*Task objective*. Leave the pictures out and write out exactly the lines from the top of the entries through the line containing "ミートソーススパゲティー わかめサラダ きのこスープ 梨".

Stored records:
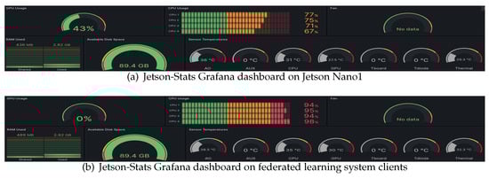 We also have another timely displayed Jetson-Stats-Grafana dashboard [23] to show the real-time utilization rate of the CPU, GPU, TOT, and other metrics. The dashboard first collects Jtop-gathered data using a certain API provided and uses certain scripts to regulate data into certain forms that can be accepted and then transfer those data to the host running Prometheus [24]. Then, it has another host running Grafana [25], which is the platform for our dashboard. By importing certain dashboard distribution files and pulling data from Prometheus, Grafana can offer a timely display of utilization rates in certain metrics. We also modified the Jetson-Stats-Grafana dashboard for it to fit our Jetson Nano clients. As for Raspberry PIs, Glances comes with an easy-to-read dashboard. Figure 3 shows our Jetson-Stats-Grafana dashboard on Jetson Nano1 without any other program running, and Figure 4 is the dashboard of our FLS clients while training the local model.
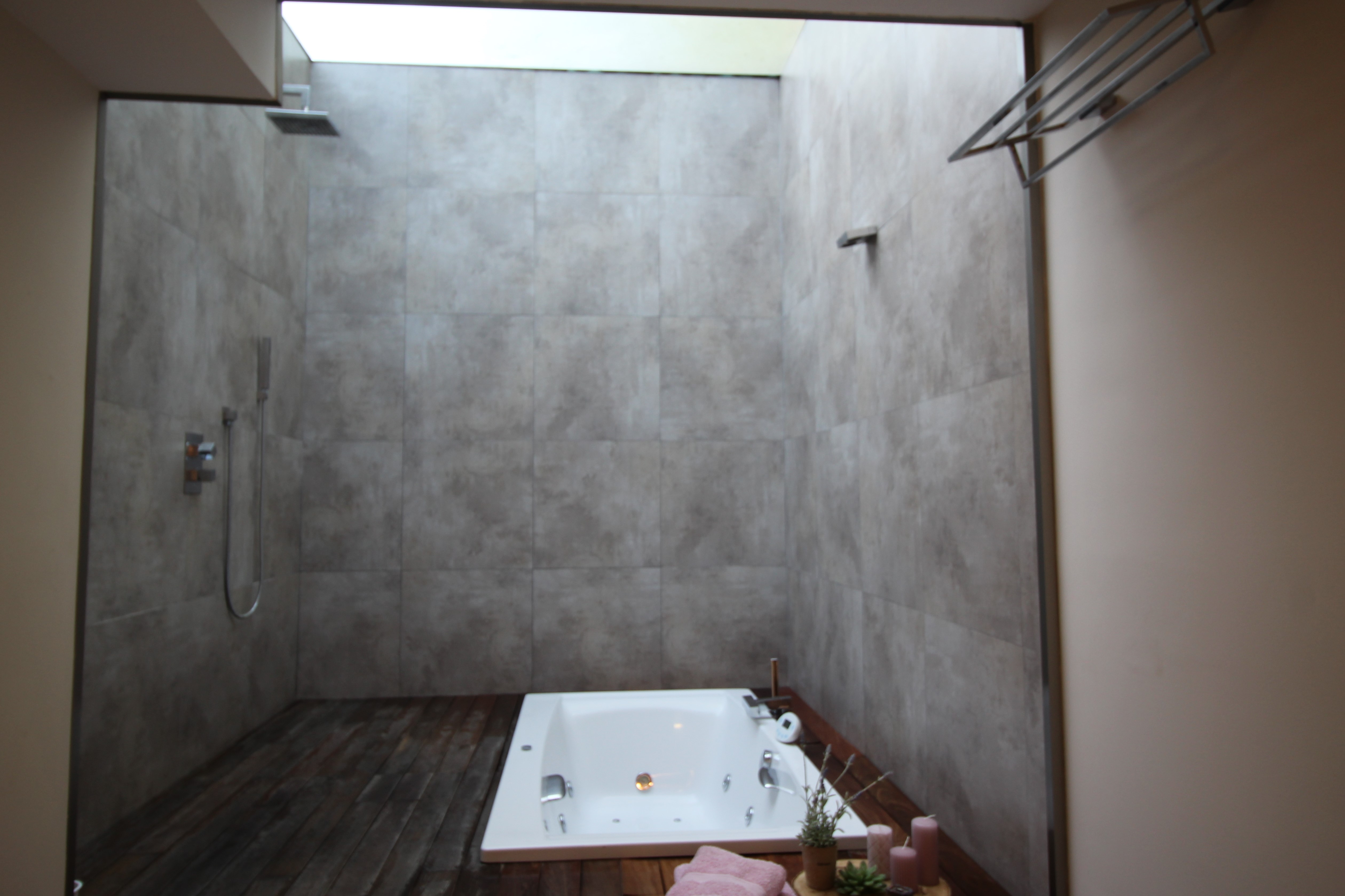 On the first floor there are three bedrooms; "masterbedroom", with a huge "walkin closet", two double bedrooms, with fitted wardrobes, a spacious bathroom with jacuzzi and amazing skylight.
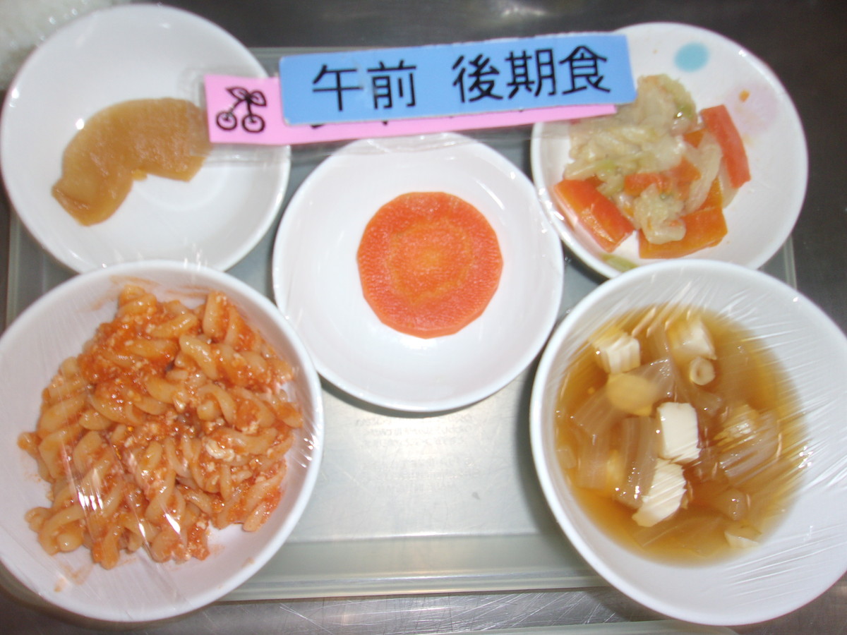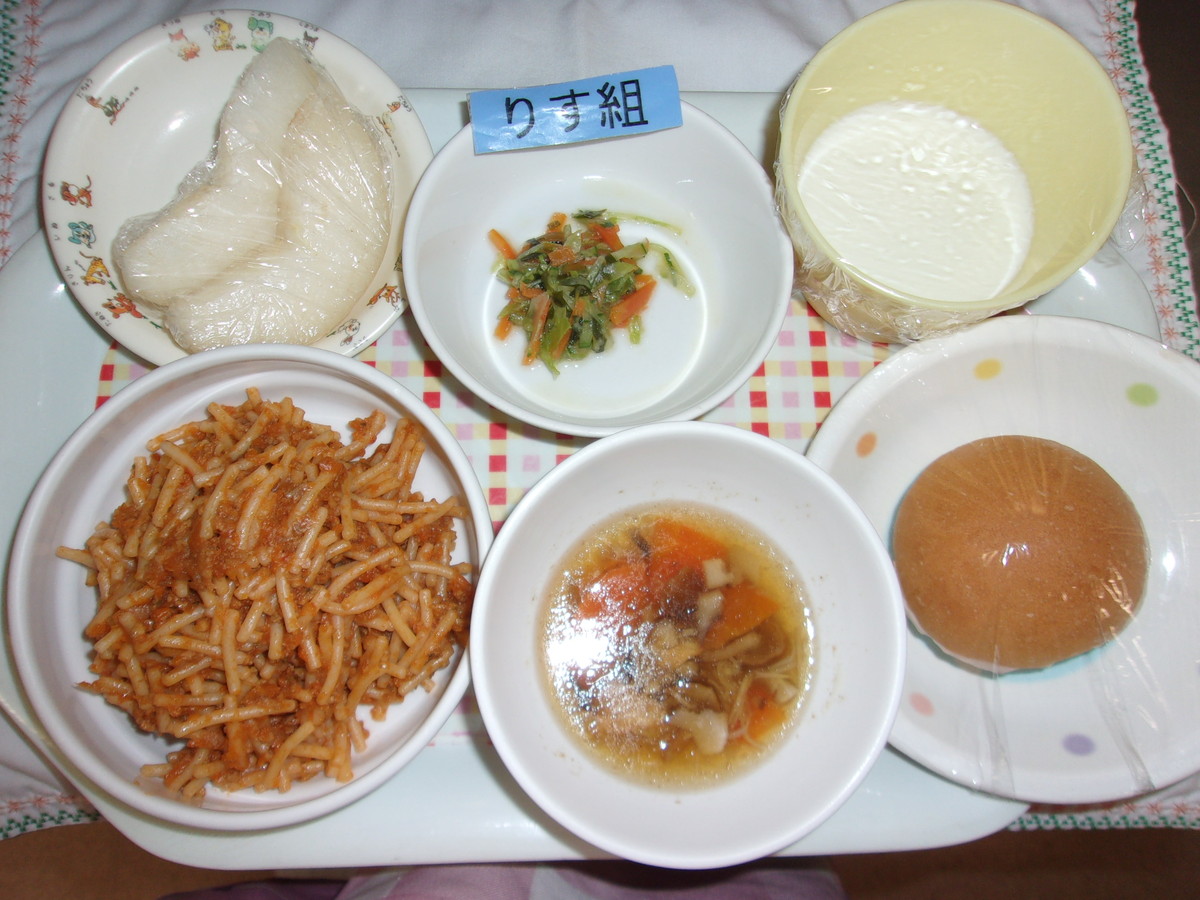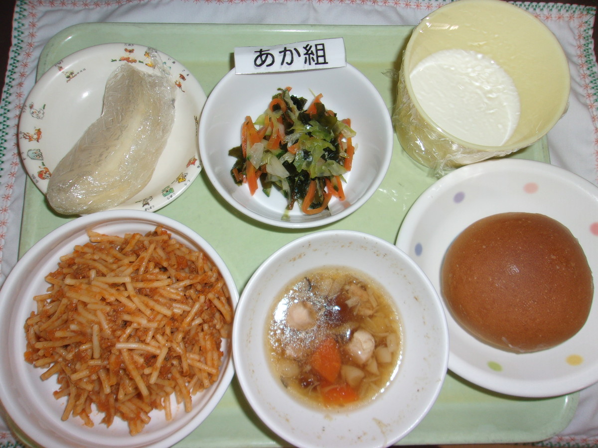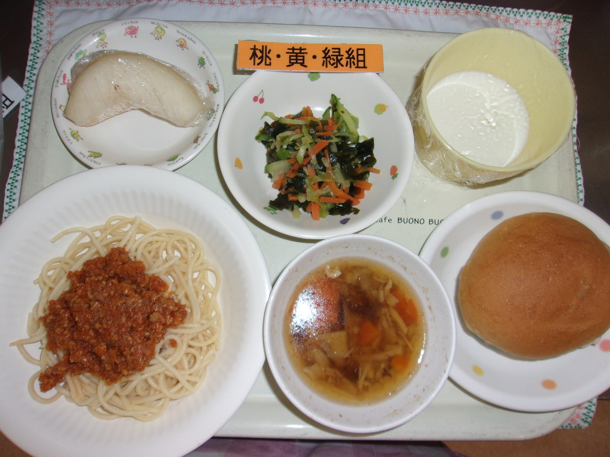 ミートソーススパゲティー わかめサラダ きのこスープ 梨
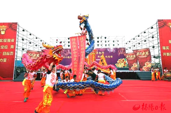 龙是中华民族世代崇拜的图腾,中国人舞龙的历史悠久,已经成为一种传统民俗。舞龙是一项融舞蹈、服饰、音乐、武术于一体的民间独特艺术表演活动。每逢喜庆节日,人们通过舞龙的方式来祈求平安和丰收。揭阳的舞龙起源于明代,在明清时期成为县城重要的节庆活动,甚至延伸到乡间,深受群众欢迎。
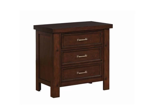 – Nightstand’s top drawer has dual USB charging ports for easy access.
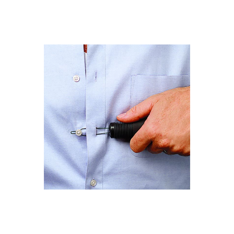 L'enfile bouton est composé d'un fil d'acier inoxydable et d'une poignée anatomique préparée pour une plus grande ergonomie de l'utilisateur. Pour l'utiliser, passez le fil à travers la boutonnière de votre vêtement et prenez le bouton en le déplaçant à l'intérieur de la boutonnière.
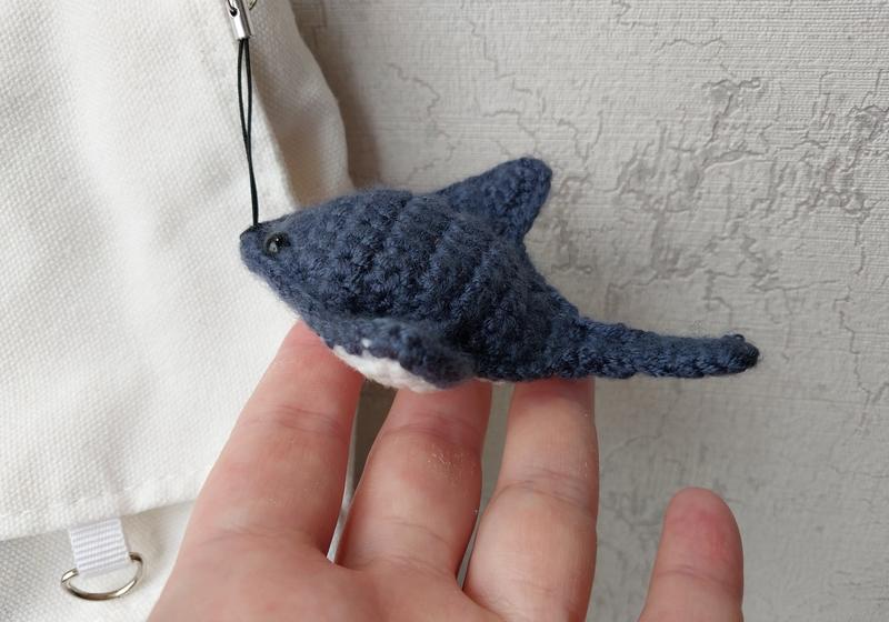 Скат - мягкая игрушка вязаная, брелок на сумку/рюкзак. Длина ската 9.5 см, общая длина брелка 17 см. Полностью ручная работа.
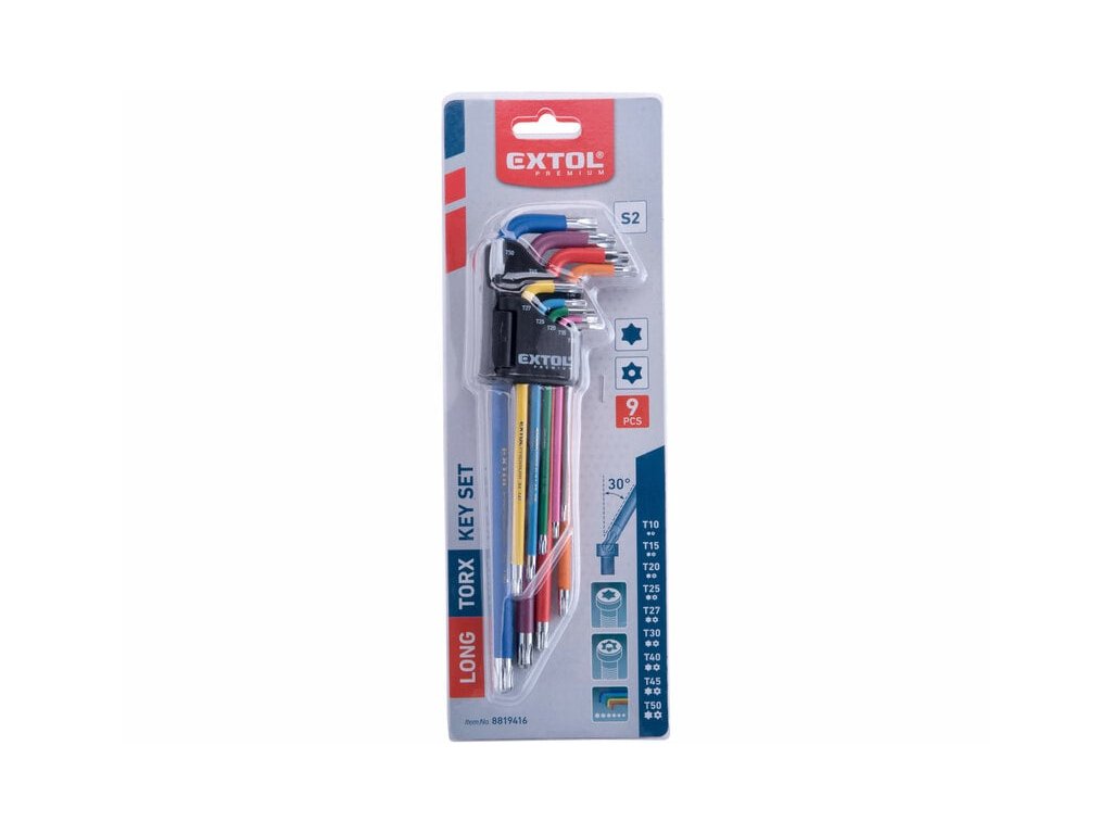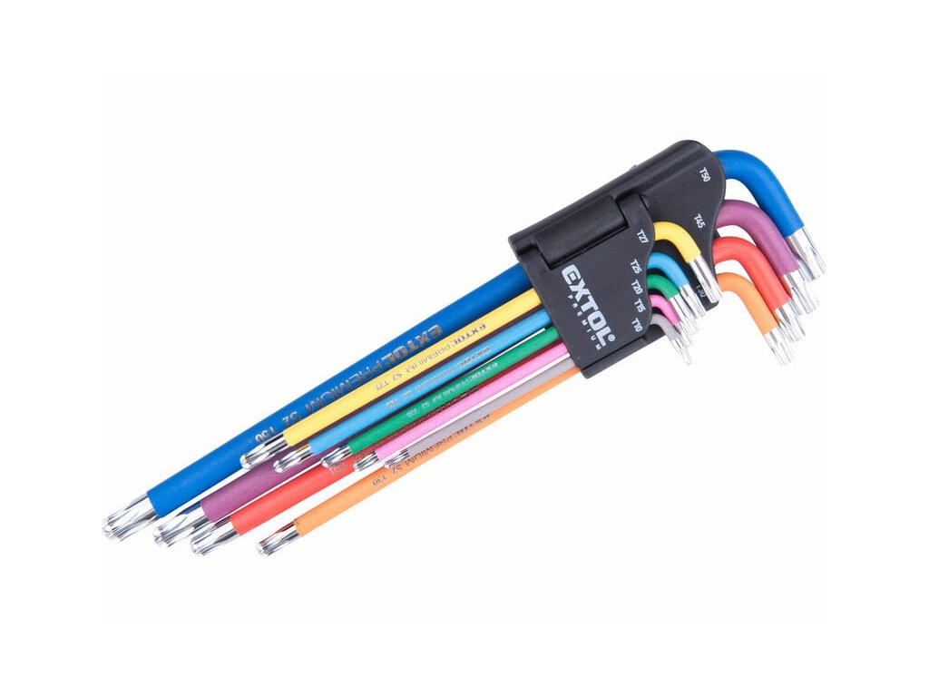 Kľúče Torx farebné predĺžené, 9ks, T10-T50mm, S2, EXTOL PREMIUM
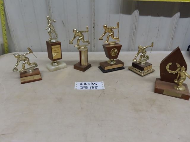 Assorted Vintage Trophies ; 5 Curling + 1 Bowling

*Task solution*.
 We also have another timely displayed Jetson-Stats-Grafana dashboard [23] to show the real-time utilization rate of the CPU, GPU, TOT, and other metrics. The dashboard first collects Jtop-gathered data using a certain API provided and uses certain scripts to regulate data into certain forms that can be accepted and then transfer those data to the host running Prometheus [24]. Then, it has another host running Grafana [25], which is the platform for our dashboard. By importing certain dashboard distribution files and pulling data from Prometheus, Grafana can offer a timely display of utilization rates in certain metrics. We also modified the Jetson-Stats-Grafana dashboard for it to fit our Jetson Nano clients. As for Raspberry PIs, Glances comes with an easy-to-read dashboard. Figure 3 shows our Jetson-Stats-Grafana dashboard on Jetson Nano1 without any other program running, and Figure 4 is the dashboard of our FLS clients while training the local model.
 On the first floor there are three bedrooms; "masterbedroom", with a huge "walkin closet", two double bedrooms, with fitted wardrobes, a spacious bathroom with jacuzzi and amazing skylight.
 ミートソーススパゲティー わかめサラダ きのこスープ 梨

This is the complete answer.